Molecular regulation of corneal epithelial wound healing.

摘要

Corneal epithelial wound healing is vital to maintaining a clear healthy cornea and preserving vision. Rapid and successful wound repair involves a wide variety of cellular processes such as cell migration, proliferation, differentiation, adhesion, and matrix remodeling. Ectodomain shedding of heparin-binding EGF-like growth factor (HB-EGF) by a disintegrin and metalloprotease (ADAM) and subsequent epidermal growth factor receptor (EGFR) activation have been established as pivotal regulators of injury recovery. EGFR transactivation by ligands for G-protein-coupled receptors (GPCR) has also emerged as a key scenario during wound healing.; The purpose of this dissertation is to elucidate the roles of adenosine triphosphate (ATP), extracellular signal-regulated kinases 1/2 (ERK1/2), and Small GTPase Rho/Rho kinases pathways during corneal epithelial wound healing and to examine the mechanisms underlying their actions with an emphasis on their interactions with EGFR.; We first demonstrated that ATP, released upon epithelial injury, enhances corneal epithelial wound healing by functioning as an early signal to trigger cell responses including an increase in HB-EGF shedding, subsequent EGFR transactivation and its downstream signaling.
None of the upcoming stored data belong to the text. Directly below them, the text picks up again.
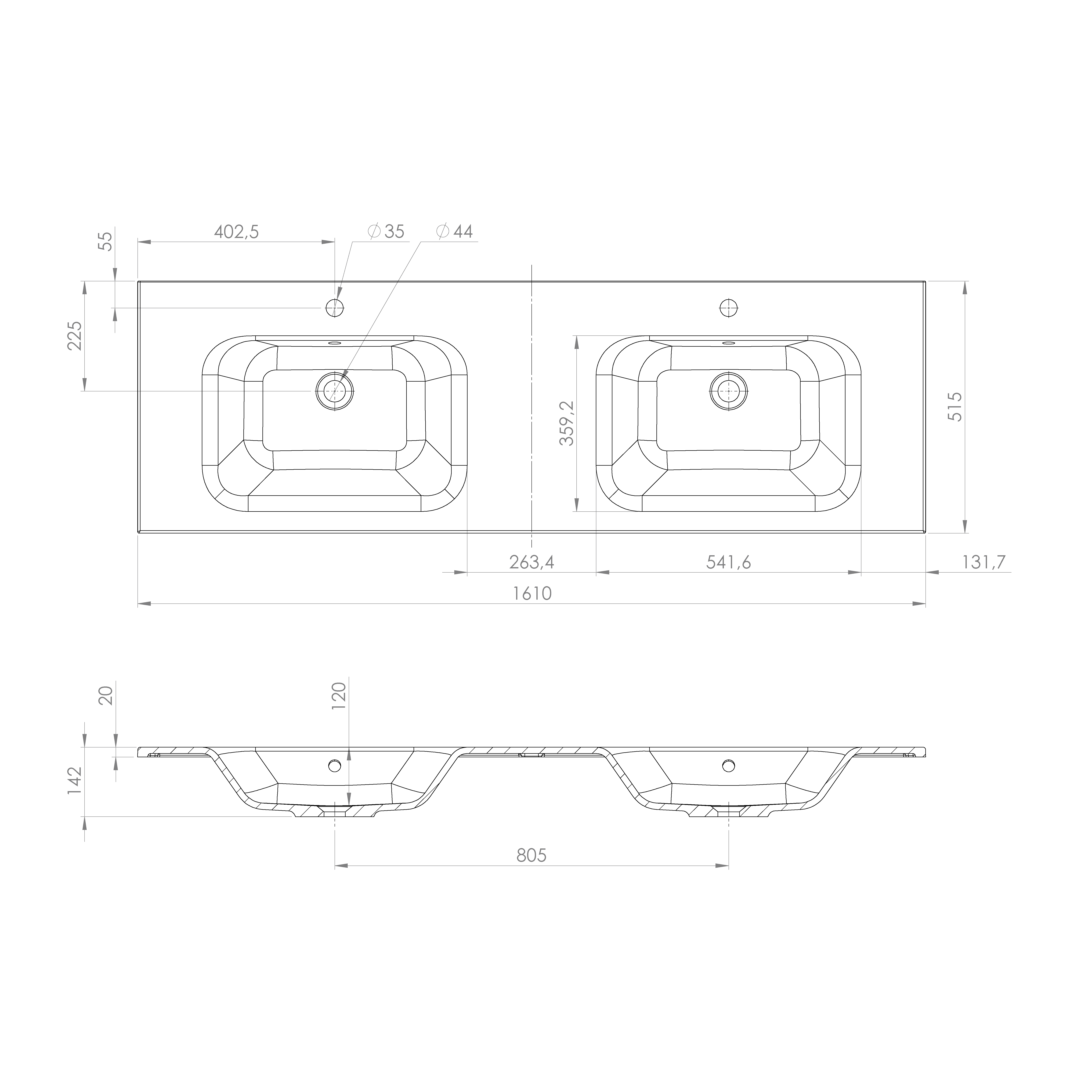 ARECA öntöttmárvány duplamosdó, 161x51,5cm (AC161)
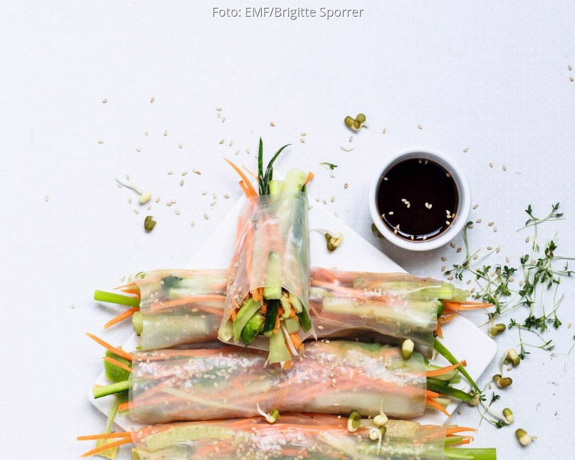 Die Reispapierblätter kurz in eine Wasserschüssel eintauchen, mit Gemüsestreifen, Sauce und Sesamkörnern belegen und einrollen.
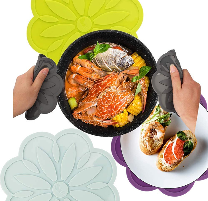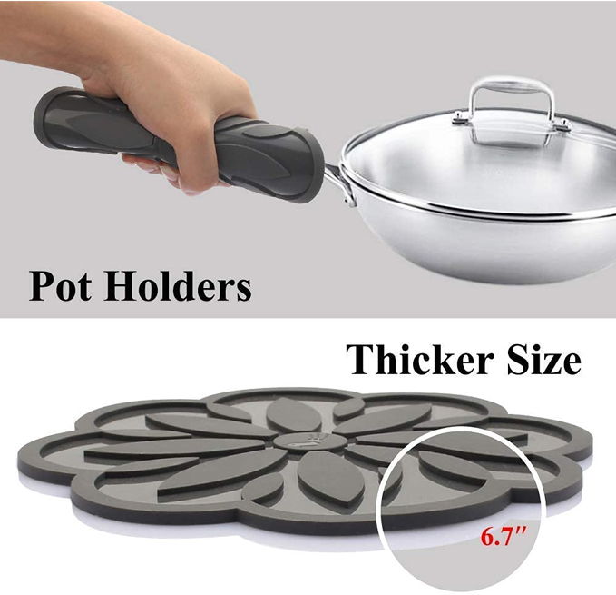- MULTI-PURPOSE : flexible, non slip and resistant to 446°F, can be used to protect your kitchen surface from scalding dishware or as pot holders to grip hot pans. It can also be as a cup coaster, jar opener, spoon rest.
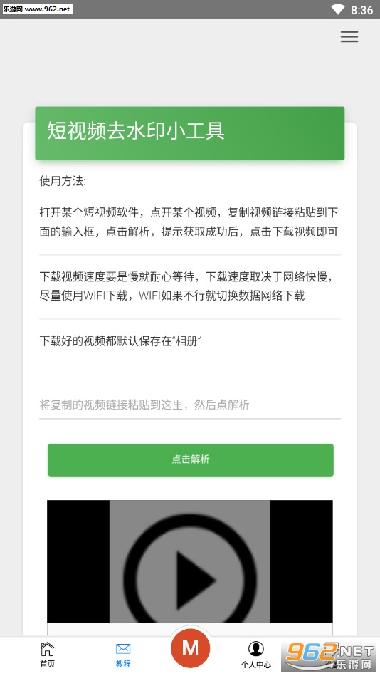 使用办法直接复制视频链接在里面解析,然后下载视频,视频会自动保存到“相册”。
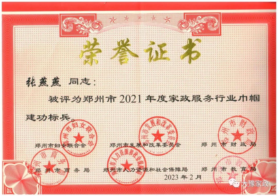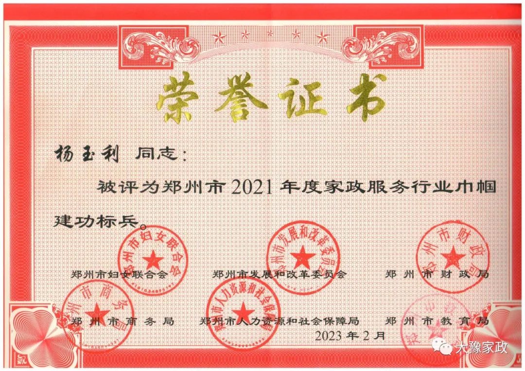 2023年3月31日,河南大豫家政服务有限公司员工杨玉利、张燕燕被郑州市妇联、发改委、财政局、商务局、人社局、教育局等单位评为郑州市2021年度家政服务行业巾帼建功标兵。
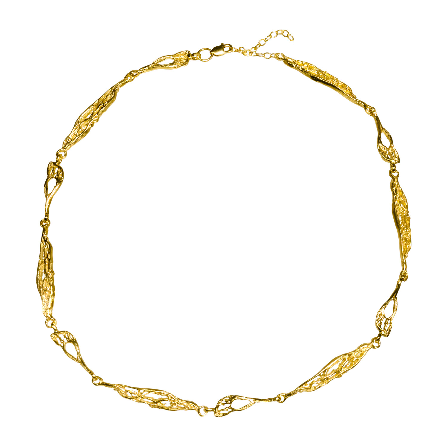 Choker περιδέραιο από την Συλλογή Αλμύρα, αποτελούμενο από αλυσιδωτές ακανόνιστες μορφές. Η οργανική του φόρμα και η διάτρητη υφή δημιουργούν ένα μοναδικό αποτέλεσμα.
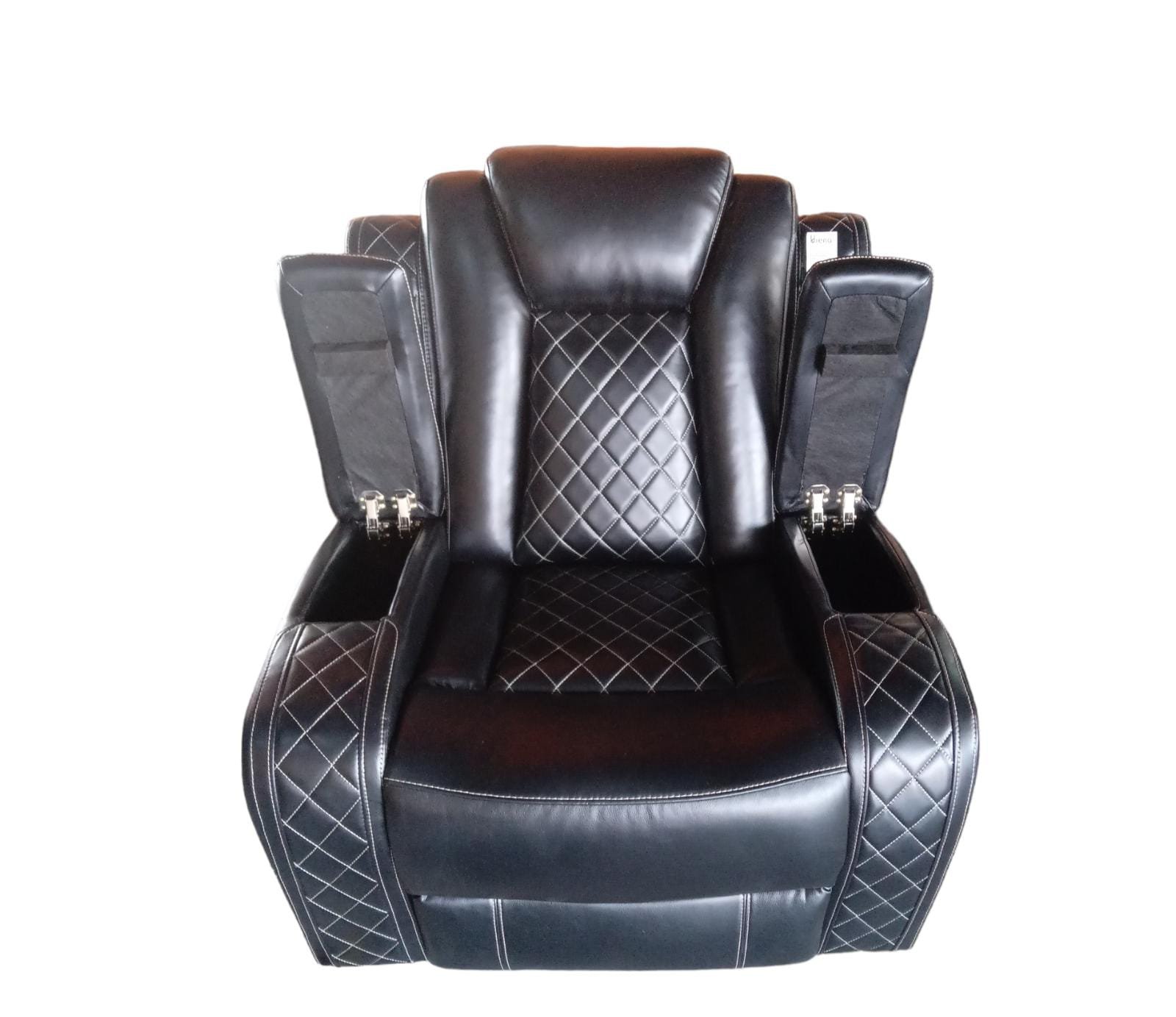 HERMOSO Y COMODO SILLON LEATHER TAPIZADO EN COLOR NEGRO CON ILUMINACION LED TONO AZUL CUENTA CON 2 CONSOLAS DE ALMACENAMIENTO MUY PRACTICAS LAS CUALES RESULTAN MUY FUNCIONALES
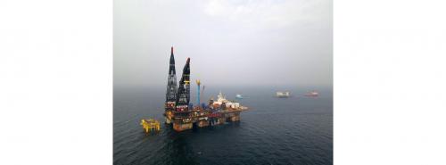 Vom Installationsschiff Thialf aus wurde die Baltic-Eagle-Offshoreplattform auf das Fundament gehoben Quelle: 50 Hertz/Visavis |
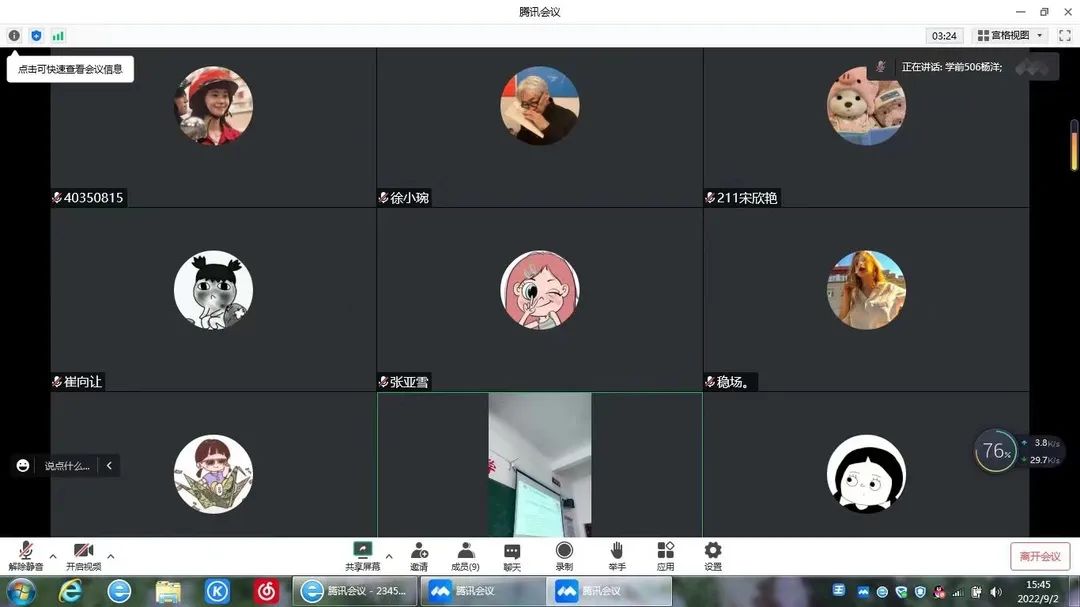 “她们人虽然还没到,但已经是我们班级的成员了。我们会尽最大的努力不让丽师的同学们落下一堂课!”19学前506班班长李思怡在得知丽专交流生们不能按时到校后,马上带领班干部组成了“直播团队”,及时将每位老师的声音、板书、课件传递给八位交流生。团队起初尝试使用QQ群直播,连线时发现视频画面质量不高、声音严重卡顿,李思怡马上提议更换直播平台和手机,转为使用腾讯会议直播。虽然画面清晰度提高了,但手机直播还是受到了网络影响,不断出现画面与声音延迟的问题。经过几次设备调试,她们最终在老师的指导和建议下,开始使用笔记本电脑进行画面共享,并尝试用电脑上自带的摄像头做转播工具,这一次则最大可能地做到了音画同步传送。
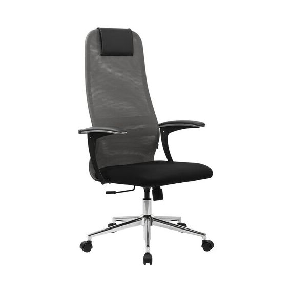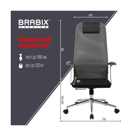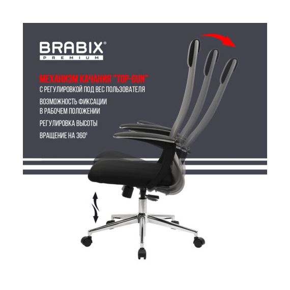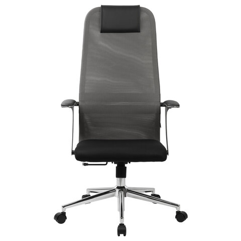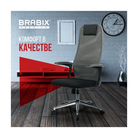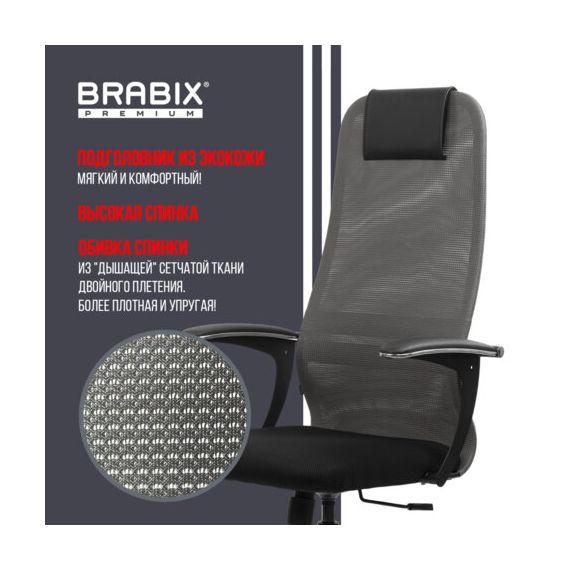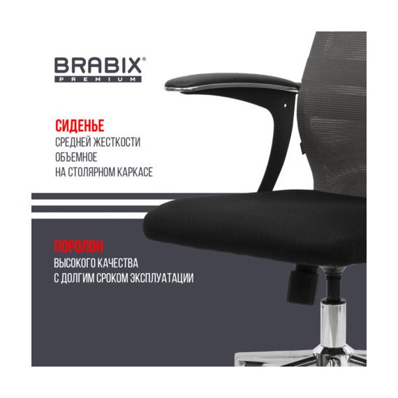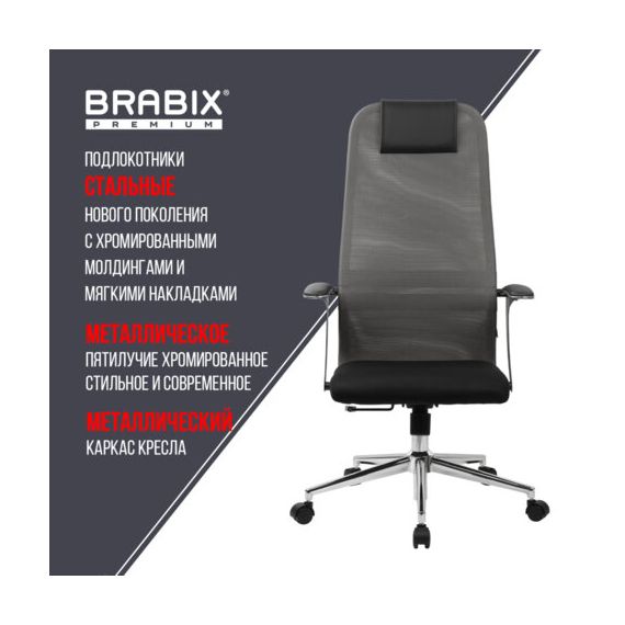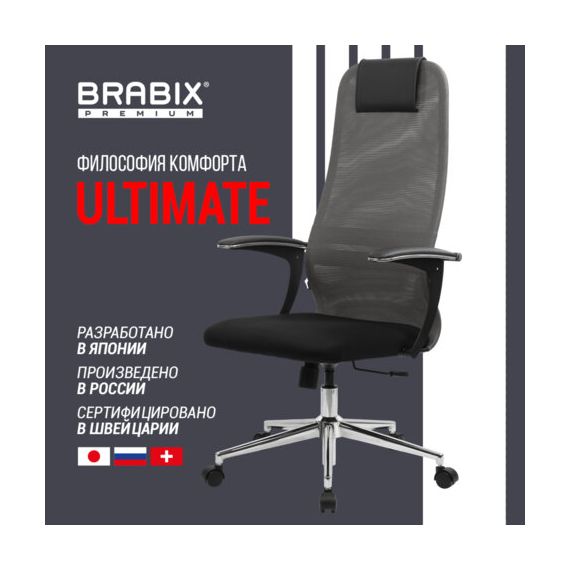 Кресло офисное BRABIX PREMIUM "Ultimate EX-801" хром, плотная двойная сетка Х2, черное/серое, 532918
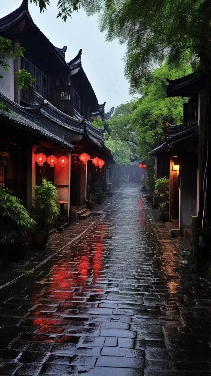 雨后的三坊七巷,宁静而古朴。石板路上水珠闪烁,映照着两旁郁郁葱葱的树木。红色灯笼在湿润中透出温暖光芒,为古巷增添一抹亮色。远处雾气缭绕,为这片古老天地披上神秘面纱。每一步都踏在历史的痕迹上,感受岁月静好,诗意盎然。

We then showed that ERK1/2, in addition to acting as an EGFR downstream effector, mediate HB-EGF shedding and EGFR transactivation via regulating ADAM17 activities in response to wounding and GPCR ligands ATP and lysophosphatidic acid.; The roles of Rho and its major effectors Rho Kinases (ROCK) were also investigated. Wounding induces Rho activation via an EGFR-independent pathway. Rho activity is required for modulating both cell migration and proliferation, through cytoskeleton reorganization and focal adhesion formation in response to wounding. Activation of ROCK enhances cell proliferation, promote epithelial differentiation, but negatively modulate cell migration and cell adhesion in corneal epithelial wound healing.; In summary, studies in this dissertation identified ATP and ERK pathways as mediators of wounding-induced EGFR activation and elucidated the role of EGFR-independent Rho/ROCK pathway in corneal epithelial wound healing. The conclusions are relevant to therapeutic intervention and drug development for wound healing-related diseases in the cornea and other tissues.